Data entries
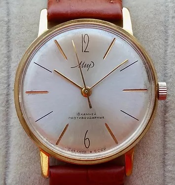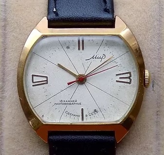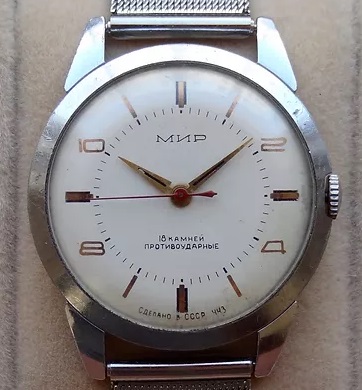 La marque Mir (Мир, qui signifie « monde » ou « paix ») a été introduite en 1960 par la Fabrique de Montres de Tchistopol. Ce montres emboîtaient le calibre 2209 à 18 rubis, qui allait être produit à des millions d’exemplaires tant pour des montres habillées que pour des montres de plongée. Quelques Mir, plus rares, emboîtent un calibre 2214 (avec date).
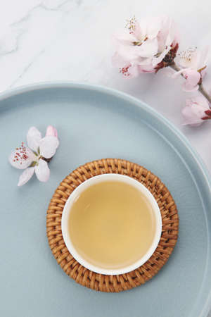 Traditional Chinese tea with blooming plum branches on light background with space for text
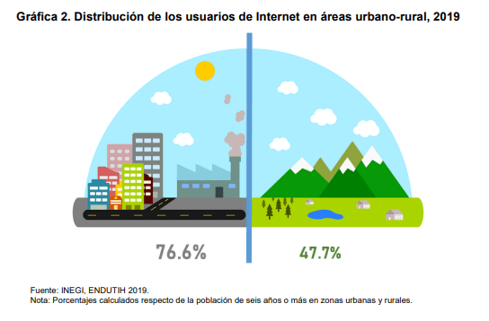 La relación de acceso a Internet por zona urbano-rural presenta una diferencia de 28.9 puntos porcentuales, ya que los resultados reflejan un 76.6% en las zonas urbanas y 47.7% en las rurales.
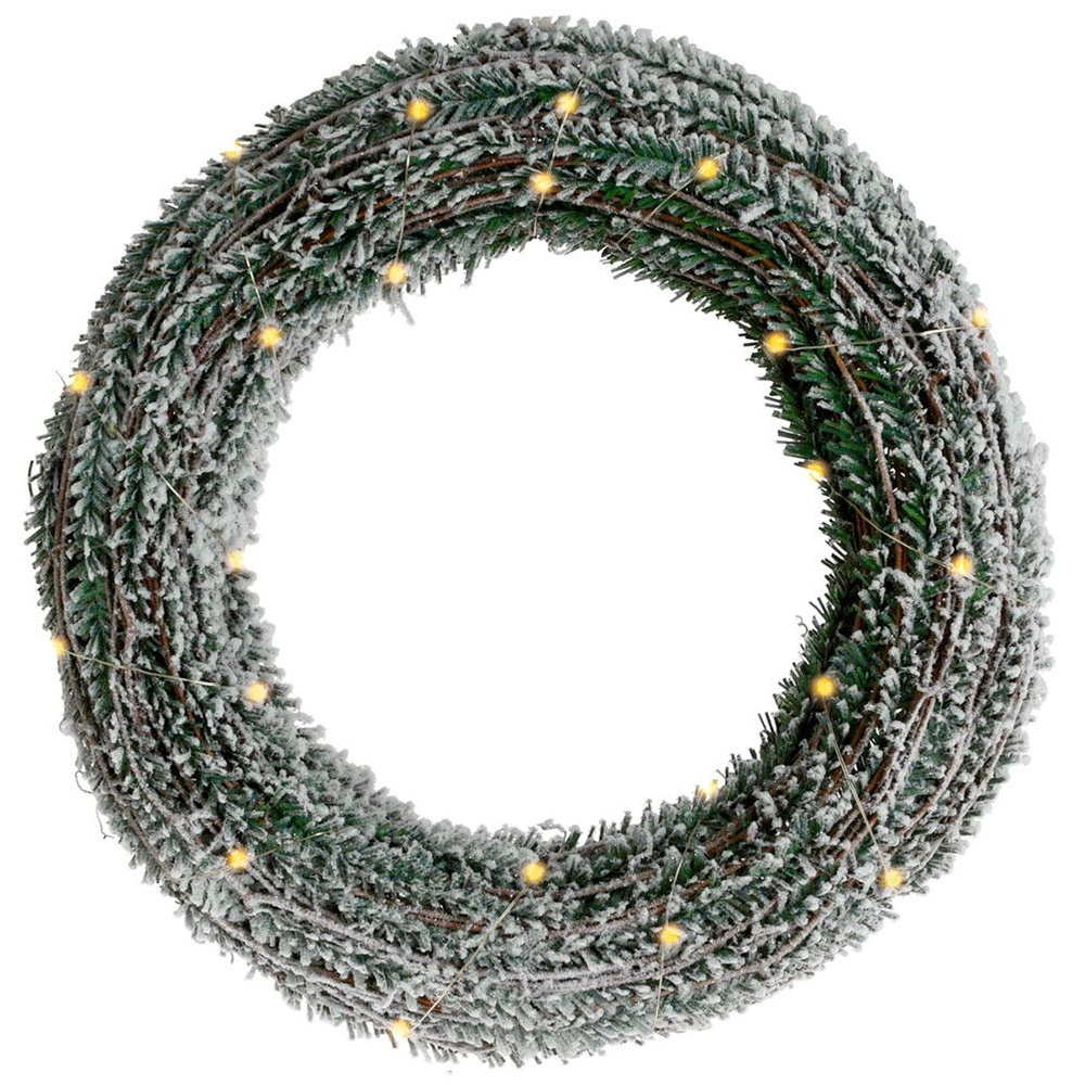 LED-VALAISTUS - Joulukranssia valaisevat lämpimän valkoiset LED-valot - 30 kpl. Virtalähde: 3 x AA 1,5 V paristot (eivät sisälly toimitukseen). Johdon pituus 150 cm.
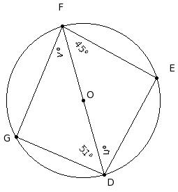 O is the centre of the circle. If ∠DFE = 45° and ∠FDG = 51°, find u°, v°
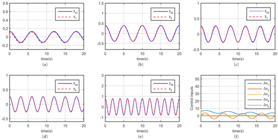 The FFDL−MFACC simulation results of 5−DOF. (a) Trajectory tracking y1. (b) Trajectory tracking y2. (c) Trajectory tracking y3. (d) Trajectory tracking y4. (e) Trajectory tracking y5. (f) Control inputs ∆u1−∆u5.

What is needed
Write out each line of the data above exactly, starting at the top and finishing with the line containing "Traditional Chinese tea"; omit the pictures.

Answer section
 La marque Mir (Мир, qui signifie « monde » ou « paix ») a été introduite en 1960 par la Fabrique de Montres de Tchistopol. Ce montres emboîtaient le calibre 2209 à 18 rubis, qui allait être produit à des millions d’exemplaires tant pour des montres habillées que pour des montres de plongée. Quelques Mir, plus rares, emboîtent un calibre 2214 (avec date).
 Traditional Chinese tea with blooming plum branches on light background with space for text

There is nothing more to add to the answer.